The Wateree River Pirates have likely taken their final voyage. Only weeks after constructing a 50-foot-long, pirate-themed boat for use along the Wateree River, Matt McCaskill and Colt Shirley were forced to take apart the ship they essentially built from scratch.

“As soon as we got it done, they put signs all over it saying we had to have it gone in 30 days,” Shirley said. The boat was built by the two men with virtually no electricity along a sandbar under I-20 near Exit 98. 

According to Cpt. William Poole with the S.C. Department of Natural Resources’ (DNR) Law Enforcement Division in Florence, the placement of the ship was in violation of several statutes, including the S.C. Public Waters Nuisance Abatement Act, which prohibits structures from being built along public waterways.

”We also received about 12 to 15 complaints,” Poole said. “The biggest complaint was that it was an eye-sore and other people were saying that if someone could go down there and build that structure, then what’s going to stop somebody else from building another building or something else in the bed of the river.”

 The S.C. Public Waters Nuisance Abatement Act, outlined in State Law Sections 49-30-10 through 49-30-90, typically deals with so-called “river shacks,” which are floating structures built along lakes and rivers. According to Mark Plowden, communications director for the S.C. Attorney General’s Office, the pirate ship was also in violation of the law.   

“DNR has had some problems with river shacks in the past and their role is to identify such problems,” Plowden said. “They are responsible for identifying the problems and sending the file to the Attorney General’s Office to contemplate action. But as we understand, the pirate ship is in the process of being dismantled and we have every expectation that it will be fully removed pursuant to state law. Also, from what I understand, the two gentlemen who own the structure have been very cooperative to this point.”

While it was a disappointment for McCaskill and Shirley, they were actually able to make a few official trips in the ship. Their original plans, however, included weekend tours in the boat, which was nicknamed the “Black Heart.” The tours were to include rides along the Wateree, a fresh fruit breakfast and games like chess, checkers and volleyball along the river’s sandbars.

According to Shirley, the business seemed to be picking up, but due to the calls to DNR, the boat had to be taken out of the public’s view.

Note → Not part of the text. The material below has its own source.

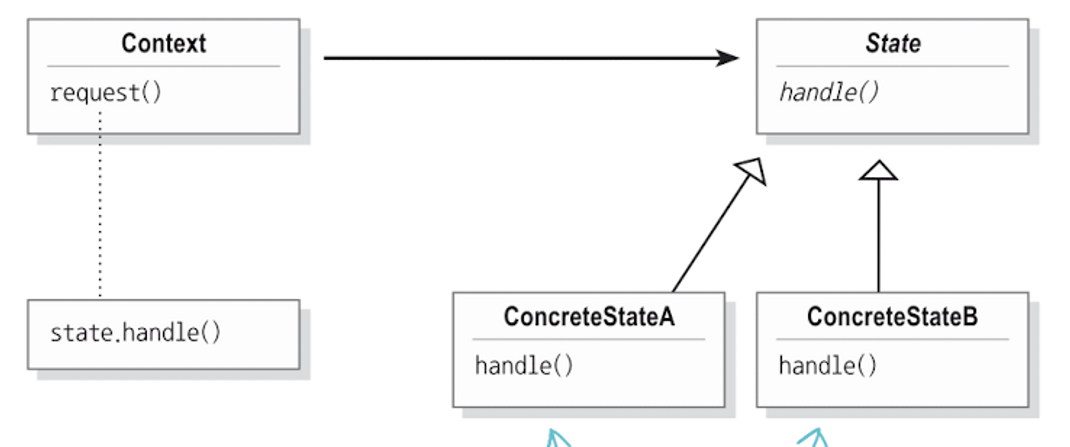 상태 다이어그램을 생각해보면, 각각의 상태를 나타내는 책임과 상태를 가지고 관리하고 변경하는 책임이 필요하다. 상태는 여러개 존재하므로 State라는 공통 인터페이스를 따르게 하고, 상태를 가지고 변경하는 책임은 Context가 가진다. 클라이언트는 Context에게 특정 행동을 하도록 메시지를 보내고, Context는 내부적으로 상태를 변경하여 자신이 할 수 있는 행동을 바꾼다.

“We took it down the river and started dismantling it. We had to take it out of there,” Shirley said. “But I actually had a few people call me the other day including a woman who wanted to reserve a large party of people to come down there. A bunch of people were starting to call up because they wanted to have a spot on there and go cruising on the ship, but now it’s gone.”

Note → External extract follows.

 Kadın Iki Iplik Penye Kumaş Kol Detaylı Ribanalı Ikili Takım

At the time the initial plans were developing for the tours, McCaskill and Shirley said they wanted to help others enjoy the river as much as they do. For the two men from Camden, that goal still exists.

“We’re still going to rent kayaks to people and let people camp out on the sandbar. So we’ll still have kayak trips, but there just won’t be a ship involved. We’ve got our business license and everything so we can still rent stuff out and have a good time,” Shirley said.